3  友情の絆は、家族間のつながりや同じ地域に住む者同士の関係とは異なる。血縁や地縁のような、言わば与えられた関係とはちがい、友情とは、みずから求め、進んで作り上げるものであり、互いに努めて磨きつづけなければ先細りになり、やがては消えてしまうものである。
 しかし、なおかつ強く、美しい友情は、ときに、人種や国境を超えた広がりさえもつものである。その意味で、交友関係とは人間の生き方の浅深、主体性、創造性を最も赤裸々に映し出す鏡であると、私は感じている。
 ある著名な文学者が、「なにを言っても誤解されない、というのが本当の友人である」と言っていた。

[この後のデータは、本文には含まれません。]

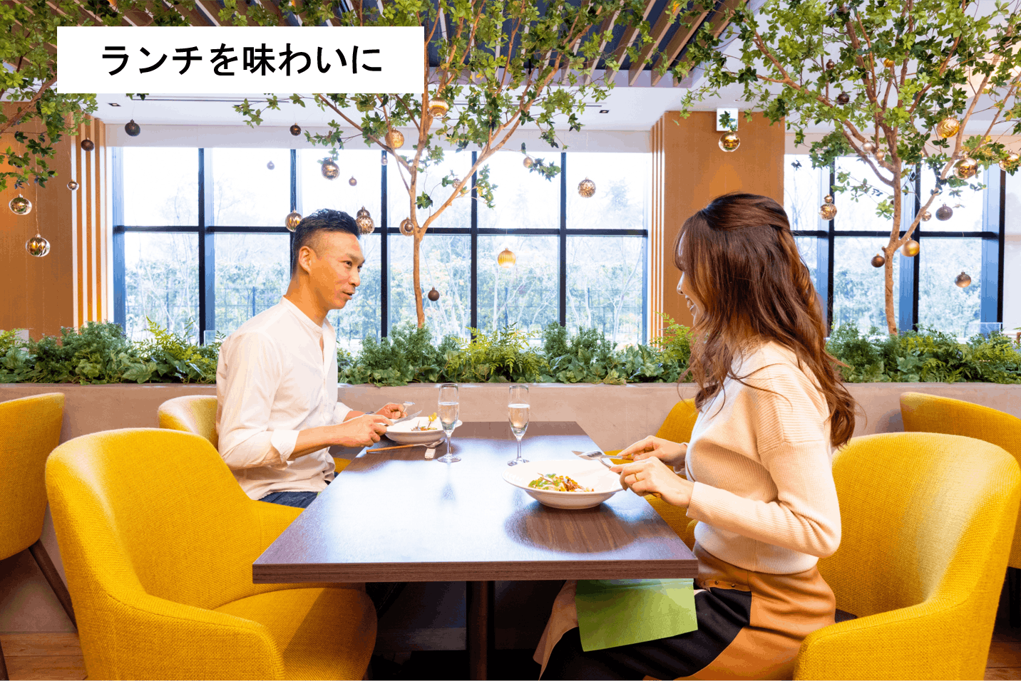 通常お1人様3,300円(税込)のランチと乾杯のドリンク(スパークリングワインorノンアルコールスパークリングワイン)付きのお得なペアチケット。

長い交友の過程には、当然のことながら、不信という亀裂の生ずることもあろう。しかし、信頼とは、他に対して先に求めるものではない。相手の人間性の本性への深き信頼感をまずみずからが持ちつづけるうちに、真の友人は得られるであろう。
 仏法は信を根本としている。釈尊の弟子で智慧第一といわれた舎利弗でさえ、信をもって悟りに入った。
 その信を磨くために「善き友」と交われ、と説きつづけた釈尊の言葉は、人間の弱さも強さも知り尽くした、達人の言として私には響くのである。